EXERCISE DETAILS: Starting with the line that contains "штыри — 2 шт. | |", return every line through the end of the listing below exactly as written. Omit the pictures.

SUPPLIED MATERIAL:

####################

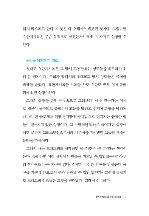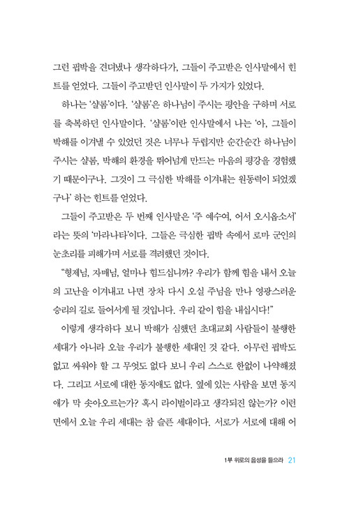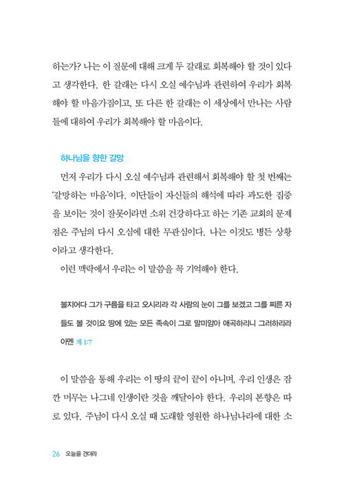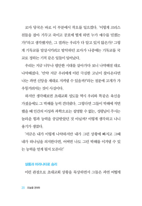 초대교회 성도들이 주님을 바라보고 다시 오실 주님을 소망하며 하루하루를 견뎌냈던 것처럼, 그래서 결국 주님이 주시는 최후 승리를 맛보았던 것처럼 우리도 주님을 바라보고 그 소망을 붙들 때 오늘을 힘 있게 견뎌낼 수 있다.
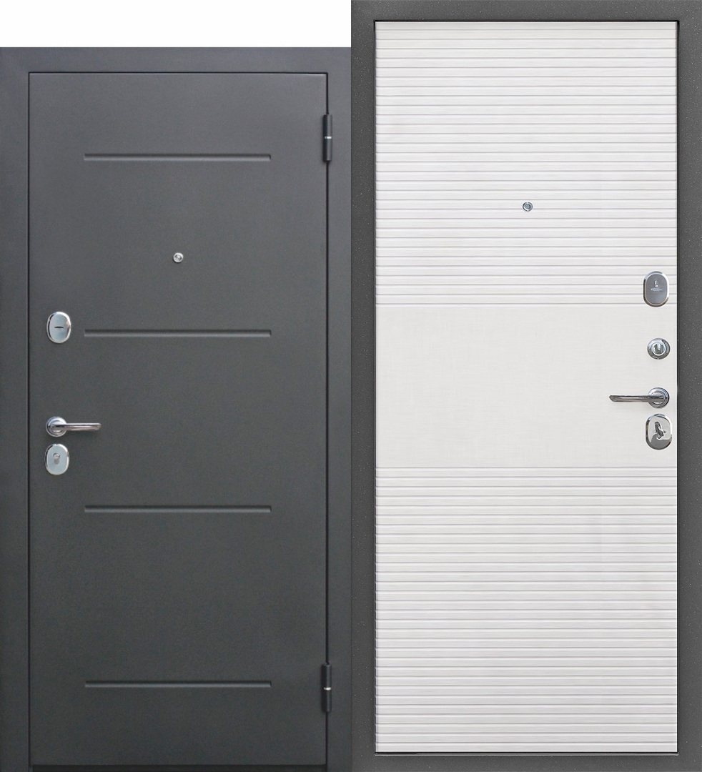 | Фурнитура | Ручка раздельная — сатин хром, глазок широкого обзора — сатин хром, петли — 2 шт., накладки овальные — сатин хром, ночная задвижка, противосъемные штыри — 2 шт. | |
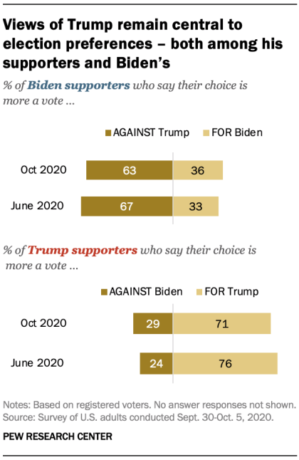With less than a week to go, views of Trump are central to voters' presidential preferences - on both sides. 63% of Biden supporters say their vote is *against* Trump; an even larger share of Trump supporters - 71% - say their vote is *for* him. https://pewrsr.ch/3dbDNdo pic.twitter.com/X0XSeTsG5S

####################

TASK RESULT:
 | Фурнитура | Ручка раздельная — сатин хром, глазок широкого обзора — сатин хром, петли — 2 шт., накладки овальные — сатин хром, ночная задвижка, противосъемные штыри — 2 шт. | |
With less than a week to go, views of Trump are central to voters' presidential preferences - on both sides. 63% of Biden supporters say their vote is *against* Trump; an even larger share of Trump supporters - 71% - say their vote is *for* him. https://pewrsr.ch/3dbDNdo pic.twitter.com/X0XSeTsG5S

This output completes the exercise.